Binaural recording and playback is widely used for many reasons:
- It is simple and relatively cheap to record and reproduce.
- It can create an incredibly realistic impression when listening on headphones, the listener being able to percieve the reproduced sounds as occuring outside the head.
- It is usually very discreet, suitable for recording in public spaces or covertly recording in places where recording is prohibited.
- It is very good at capturing the feeling of movement through spaces, encoding all the movements of the recordist into the sound.
- Sounds recorded using other techniques, including purely electronic sounds can be "binauralised" using software tools to position and move sounds in a virtual binaural space. This allows the composer to mix true binaural recordings with other sources in a convincing way.
There are, however a number of disadvantages to the technique.
- Reproduction over loudspeakers often does not compare favourably with other stereo recording techniques
(A-B, XY, MS, ORTF) which can give a greater sense of space and/or sharper location of sources.
- Everybody's ears are different, so there will always be a mis-match when listening to a recording made by somebody else. Some people, even having good hearing in both ears, have problems "decoding" the sounds presented to them on headphones.

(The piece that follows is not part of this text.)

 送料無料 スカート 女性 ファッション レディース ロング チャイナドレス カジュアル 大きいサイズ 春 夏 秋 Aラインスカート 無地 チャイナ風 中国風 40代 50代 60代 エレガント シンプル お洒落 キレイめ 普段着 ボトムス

- As noted above, our brains integrate input from other senses to confirm or improve the accuracy of our perception of sound. When listening to a recording it is highly likely that the listener will experience conflicting information from other senses, their own movements and position within the listening space. This can cause the perception of sounds apparently happening at different positions around us and outside the headphones to blur or fail completely.

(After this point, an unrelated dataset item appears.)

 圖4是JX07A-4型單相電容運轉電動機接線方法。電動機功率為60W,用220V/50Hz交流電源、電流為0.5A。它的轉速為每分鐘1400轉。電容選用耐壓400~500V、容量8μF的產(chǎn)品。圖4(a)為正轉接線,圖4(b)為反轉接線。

Beyond Binaural: Headtracking and ambisonics.
At the moment binaural reproduction is undergoing technological advancement driven by the economic interest in virtual reality and gaming. Some commercial headphones can sense the movement and positioning of the head of the listener and there are also a number of add-on "head trackers" available. These can allow a software application to process sound so that it appears to be located in the same place no matter how the listener moves their head. This would appear to remove one of the disadvantages of binaural technique - that of conflicting sensual cues. Indeed, in my experience, headtracking improves binaural perception greatly along with an enhanced sense of being immersed in the sonic space.
There is however a catch to this development. Up until now, it has not been possible to apply this reproduction technique to actual binaural recordings. The captured cues in a binaural recording are so personal and so interdependent it is (currently) impossible to tease these out into an accurate 3D model of the sound occuring around the head. Such a model would be needed in order to synthesise a new binaural signal using HRTF's which could change by responding to the movements of the listener.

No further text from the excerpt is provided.